Nótese hasta qué punto es esto cierto, parando mientes en el hecho de que son
muy pocas las frases que no comienzan diciendo: «pues yo eso no lo hago» o
cosas análogas. Hay un deseo de justificarse en una selva donde cada uno
esgrime su letrero; no se oyen las palabras, se mira el letrero de quién las
está diciendo y si ese letrero no existe entonces se escuchan algo más, pero
siempre con vistas a colgarlo y quitarse de encima el peligro de una agresión
inesperada: «Ah, ya. Habla en moralista» o bien: «Es un teórico» , «es un reaccionario». Y todas las palabras que
dice se oyen teñidas de ese color. La sociedad que es bien sabia rechaza como
primer revulsivo las palabras desconcertantes. Nótese que no me refiero a las
inauténticas. No rechaza, por supuesto, a las inauténticas o ambiguas, sino a
las pocas que van por libre, vayan por donde sea. Y aún para éstas han creado
carteles como el de «extravagante» y «poseur», también el de «individualista».

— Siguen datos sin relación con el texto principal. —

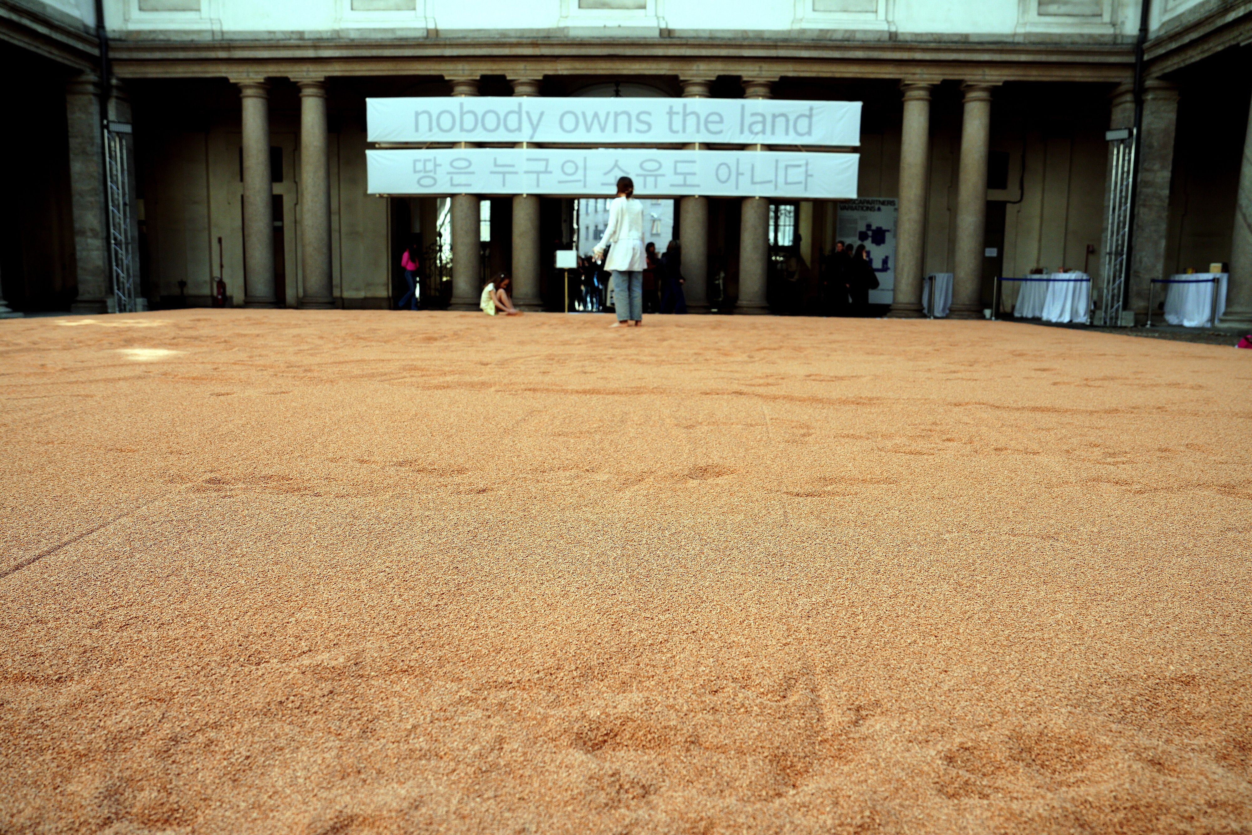 Ad accogliere i visitatori nel Cortile d’Onore sarà "Nobody Owns the Land: Earth, Forest, Mahk", opera site-specific dell’architetto coreano Byoung Soo Cho. Un’installazione poetica e potente che riflette sul rapporto tra uomo, architettura e natura, fungendo da preludio al tema della mostra. Al centro della corte seicentesca, delimitata da un colonnato, emerge Earth, primo elemento dell'opera: una piattaforma sospesa, una forma geometrica ricoperta di terra rossa in contrasto con il cielo blu di Milano. Il significato di questo lavoro si svela nel momento storico attuale, in cui la terra è oggetto di conflitto: lo spazio creato diventa un'occasione di meditazione. Il visitatore è invitato a salire, scalzo, sulla superficie sospesa, per sentire la terra sotto i piedi e vivere un'esperienza sensoriale diretta.

Con lo de los letreros se pretende –yo
creo– orientar a los demás más que orientarse uno mismo, que suele estar –como
es de ley en el mundo– desorientadísimo; y esta situación sólo se remediaría
precisamente dejando de pensar un poco en el letrero que nos cuelgan o en el
que deseamos colgar al recién conocido, y hacer esta renuncia, no porque sí,
sino en atención a un mayor respeto por las palabras que dice. Es bien claro
que si otro dice tonterías, debemos rechazarlas como tales tonterías, pero no
atacarle a él ni al letrero que lleva.
Esto –en pequeño– es lo que pasa en las
relaciones familiares (matrimoniales sobre todo). Mucho se habla de la
inveterada incomprensión entre marido y mujer, pero pocas veces se paran los
que padecen a analizar sus raíces. Y sus raíces están en este mismo hecho que he
señalado del apasionamiento, de la falta de distancia. Pocas veces en una
conversación entre cónyuges se esta hablando de algo ajeno a la conversación,
por eso las riñas de novios uno suele recordar dónde se produjeron, pero nunca
lo que se trató de nada.
¡Y lo importante es que al hablar se
trate de algo: por eso hay que establecer la distancia suficiente. No estar
mirando al que habla y pensando en él como una presa a cazar. Sino tener la
buena voluntad de tener la atención abierta a lo que dice.¿Qué dice tonterías?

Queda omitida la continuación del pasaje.